Abe accomplished nothing, really, except to decide on Sept. 11, 2001, as the twin towers of death and fear filled his 27th-floor office, just what kind of man he would be. We can't control death; it comes to us all in the end. But that choice, Abe's choice, we keep to the end: What kind of person will I be?

Abe, a 55-year-old computer programmer, was a devout Jew who read the Torah daily. "Why are you still in there?" his brother Jack demanded when Abe called soon after the first plane hit. Why? Because his friend Ed, a paraplegic, was also there. "You've got to get out of there," Jack said frantically. But Abe couldn't, or rather wouldn't. He couldn't save Ed's life. But he wouldn't become the kind of guy who leaves a paralyzed friend to die alone.

Death comes to us all, but not all of us get to be Abe Zelmanowitz before we die.

Now we are at war, and war is always us vs. them. But who is the us that is at war? Abe's question: Who are we going to choose to be? In the raw emotions unleashed by this act of war, the danger is we will lapse from our high sense of common moral purpose and lash out at each other.

I mean Muslims and Arab-Americans, of course. Americans who bully others are, as President Bush said, the worst of mankind -- not the best of America. But not just Islamic Americans. Last week I opened a file called the Not-My-Enemies list.

For example: Bill Maher made some ill-worded criticism of America's past bomb-'em-and-bail-out tactics, but when the U.S. military strikes, Bill Maher will be rooting for them. Bill Maher is not my enemy. Jerry Falwell took one traditional Christian response to national disaster -- as a call to profound repentance -- and degraded it to partisan bickering. But Jerry Falwell did not wake up on a bright September morning plotting to murder his way to paradise. Jerry Falwell is not my enemy.

The ordinary people who in their fright and shock advocate indiscriminate mass bombing are deeply in need of both comfort and leadership, a call to reasoned action -- but these Americans are not my enemy.

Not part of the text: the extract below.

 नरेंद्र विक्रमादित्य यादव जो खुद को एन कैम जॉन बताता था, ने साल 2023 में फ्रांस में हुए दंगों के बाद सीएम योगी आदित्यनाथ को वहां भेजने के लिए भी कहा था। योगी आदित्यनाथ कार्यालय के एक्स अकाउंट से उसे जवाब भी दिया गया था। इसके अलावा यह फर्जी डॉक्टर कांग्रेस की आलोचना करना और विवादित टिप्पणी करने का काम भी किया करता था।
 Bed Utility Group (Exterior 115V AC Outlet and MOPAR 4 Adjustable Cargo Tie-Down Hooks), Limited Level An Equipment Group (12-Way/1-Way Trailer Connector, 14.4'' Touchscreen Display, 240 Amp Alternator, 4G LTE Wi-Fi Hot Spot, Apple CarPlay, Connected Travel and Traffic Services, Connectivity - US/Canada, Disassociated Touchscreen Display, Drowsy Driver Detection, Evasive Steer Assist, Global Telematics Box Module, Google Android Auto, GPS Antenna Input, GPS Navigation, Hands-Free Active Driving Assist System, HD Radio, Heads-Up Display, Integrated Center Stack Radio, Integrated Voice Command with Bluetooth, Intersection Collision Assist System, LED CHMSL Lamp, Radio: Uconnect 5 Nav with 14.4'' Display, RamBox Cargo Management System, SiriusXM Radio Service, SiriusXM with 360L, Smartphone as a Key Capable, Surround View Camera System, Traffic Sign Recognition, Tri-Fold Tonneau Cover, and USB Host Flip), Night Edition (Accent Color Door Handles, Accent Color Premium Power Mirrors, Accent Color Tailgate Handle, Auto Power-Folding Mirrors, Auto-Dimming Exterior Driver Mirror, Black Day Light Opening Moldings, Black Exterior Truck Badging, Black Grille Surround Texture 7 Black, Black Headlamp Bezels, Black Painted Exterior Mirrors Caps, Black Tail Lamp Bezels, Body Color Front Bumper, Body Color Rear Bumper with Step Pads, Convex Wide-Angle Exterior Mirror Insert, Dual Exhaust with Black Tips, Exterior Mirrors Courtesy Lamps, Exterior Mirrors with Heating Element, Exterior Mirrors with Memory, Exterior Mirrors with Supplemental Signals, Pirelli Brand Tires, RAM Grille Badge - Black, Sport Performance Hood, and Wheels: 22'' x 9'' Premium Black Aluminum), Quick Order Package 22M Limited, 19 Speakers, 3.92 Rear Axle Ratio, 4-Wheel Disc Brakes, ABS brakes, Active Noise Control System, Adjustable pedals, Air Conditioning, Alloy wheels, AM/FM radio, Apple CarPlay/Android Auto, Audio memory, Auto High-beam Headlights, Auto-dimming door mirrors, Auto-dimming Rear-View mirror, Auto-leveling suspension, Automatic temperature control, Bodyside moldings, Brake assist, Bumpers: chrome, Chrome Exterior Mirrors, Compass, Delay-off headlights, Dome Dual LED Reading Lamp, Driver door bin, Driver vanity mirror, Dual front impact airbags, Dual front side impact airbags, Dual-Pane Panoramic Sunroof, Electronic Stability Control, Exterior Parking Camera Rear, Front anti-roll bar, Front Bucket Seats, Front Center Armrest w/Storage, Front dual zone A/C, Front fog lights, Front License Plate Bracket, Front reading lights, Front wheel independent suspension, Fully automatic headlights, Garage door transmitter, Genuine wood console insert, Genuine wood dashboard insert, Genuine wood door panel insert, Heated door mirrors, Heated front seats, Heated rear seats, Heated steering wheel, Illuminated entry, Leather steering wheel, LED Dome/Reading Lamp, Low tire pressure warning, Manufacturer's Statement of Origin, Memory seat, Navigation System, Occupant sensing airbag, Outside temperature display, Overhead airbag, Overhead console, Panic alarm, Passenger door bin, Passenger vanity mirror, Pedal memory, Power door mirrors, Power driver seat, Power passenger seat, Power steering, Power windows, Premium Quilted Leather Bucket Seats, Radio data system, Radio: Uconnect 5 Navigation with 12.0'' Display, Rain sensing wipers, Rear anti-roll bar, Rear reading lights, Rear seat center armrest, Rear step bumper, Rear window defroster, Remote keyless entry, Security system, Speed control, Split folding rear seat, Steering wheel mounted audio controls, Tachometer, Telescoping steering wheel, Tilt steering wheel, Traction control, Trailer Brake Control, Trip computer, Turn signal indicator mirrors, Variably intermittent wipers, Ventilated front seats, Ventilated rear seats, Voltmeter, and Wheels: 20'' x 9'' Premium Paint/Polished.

Susan Sontag is not my enemy. Intellectual elites conditioned to believe that violent people are always the product of injustice, ignorance or poverty, and that the habits of mind and tactics appropriate to resolve conflicts on the playground or in the counselor's office form an adequate theory of how to respond to naked evil -- I pity their moral confusion, but they are not my enemy.

And yet, even with maximum need for charity, I do not think the debate over who we are can be postponed. Our enemy hates "not what we do, but who we are," wrote Joshua Micah Marshall of the American Prospect: "They hate our crass frenzy, ... our libidinous music and the fact we've collectively decided to govern ourselves not by our privately held ideas of moral or heavenly absolutes, but by the rule of law." Diversity, materialism, secularism, tolerance -- he lists the goods we fight for. Is this who we really are?

I have two sons, one of them 18 years old. I am not willing to risk either's life for materialism, diversity, secularism or tolerance. I believe passionately in religious liberty, but not because I have agreed "to disagree about life's most profound truths," as Marshall formulates. Instead I am willing to fight and suffer and sacrifice for America's liberty, including our God-given right to individual conscience. We owe it to Him as much as to each other to defend religious and political freedom, with our lives, if necessary.

Millions for defense, not a single penny for tribute, went the 19th-century battle cry. I wouldn't ask a dog to risk its life for secularism or materialism, but everything I have for God, and country, and liberty. Do you see the difference?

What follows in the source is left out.